Glancing down, I could just make out Potter as he clung weakly to a piece of rock jutting from the side of the Light House. As I watched, a Vampyrus swept in and knocked him from his perch.
“Potter!” I screamed, dropping like a stone through the air after him. I didn’t know if I would be able to catch him before he crashed into the burning lake below. The approaching Vampyrus raced towards me from both sides. Lowering my head and tucking my arms in beside me, I leant forward and raced towards him in a complete nosedive. My descent was so rapid that I could feel my flesh rippling against my skull. But I was catching up with him, and the world around me, the red rocks and the Light House, became a blur as if I had left time and space. With only inches to go before I was racing alongside Potter, another one of those giant Vampyrus swept in and clutched at me.
Pushing myself forward, my bones were rattling beneath my skin so much that I thought they were all going to snap. I inched towards Potter, but the Vampyrus wouldn’t give up and within moments, he was on me again. I reached out with my claws and thrust them between the Vampyrus’ ragged-looking ribs. A jet of black liquid spurted from the wound and the creature let out an agonising moan. I withdrew my claws and the Vampyrus slowed, leaving me the opportunity to grab hold of Potter and yank him free of the lava that bubbled and seethed just feet below us.
I put one arm tightly around him. He seemed dazed and disorientated.
“Are you okay?” I shouted at him.
Potter looked at me and to my complete surprise, he lent forward and kissed me on the cheek.
“Thank you, sweet-cheeks,” he smiled.
I looked at him numbly and with my free hand, I touched my cheek where he had kissed me.
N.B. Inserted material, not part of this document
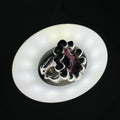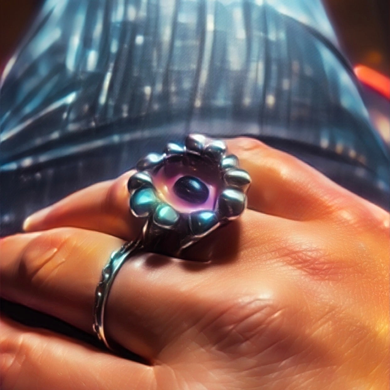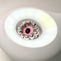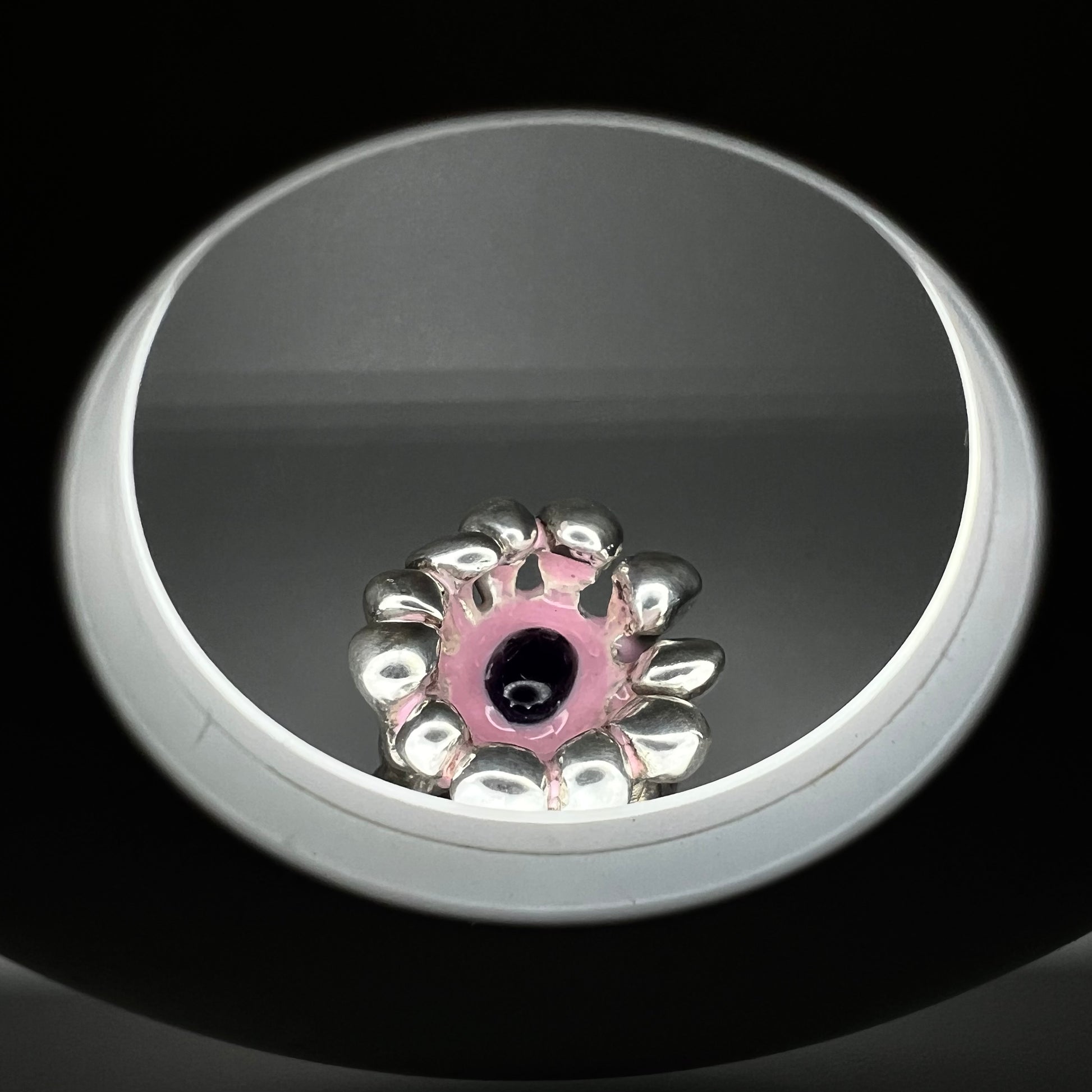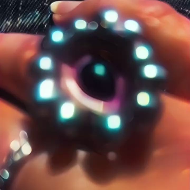 La pierre est délicatement sertie dans une résine rose, qui en souligne la profondeur tout en apportant une touche de modernité et de douceur.

“Why did you come back?” I whispered.
“I told you I was watching your back and you looked to be in trouble,” he said.
“Isidor is dead,” I told him.” He was murdered.
“By who?”
“You tell me?” I asked him, not taking my eyes from his, looking for any reaction.
“Is this like one of those pop quizzes?” he asked. “Because if it is, Kiera, I don’t know the answer. I didn’t kill him. Why would I?”
“Because he was just about to tell me who Elias Munn was,” I told him. “Apparently, Kayla got close to him just before she died.”
“That’s impossible,” Potter snapped, pulling away from me, so he could fly solo. “I was looking out for her. She was with me most of the time.”
“And that’s what scares me,” I told him.
But before Potter had a chance to say anything back, Coanda came racing towards us.
“Look, Kiera! Look!” Coanda was shouting.
I turned to see what appeared to be another giant wave of Vampyrus swoop down. But these were different, they weren’t attacking us, they were attacking the other Vampyrus. And unlike the others, these Vampyrus hadn’t taken on their natural form, they still looked human – well humans with wings – just like I did. They swept through the sky with the grace of eagles.
“Who are they?” I asked him.
“The resistance!” he laughed. “Damn! Have you ever seen such a beautiful sight!”
And they did look beautiful as they swept through the sky, their wings shimmering, muscles rippling as they attacked the Vampyrus. Within seconds, the sky above surrounding the Light House had become a battleground as Vampyrus fought with Vampyrus. Their fangs and claws sprayed blood as they tore and ripped at each other.
Then I saw him, Luke being chased by a flock of those black, bristling Vampyrus. They snatched and bit at him. He struggled with them, but he was outnumbered, and within moments he was spiralling out of the sky. A black shadow swooped in and snatched Luke away from the screaming half-breeds that waited below to tear him to pieces.
“What was that?” I asked breathlessly.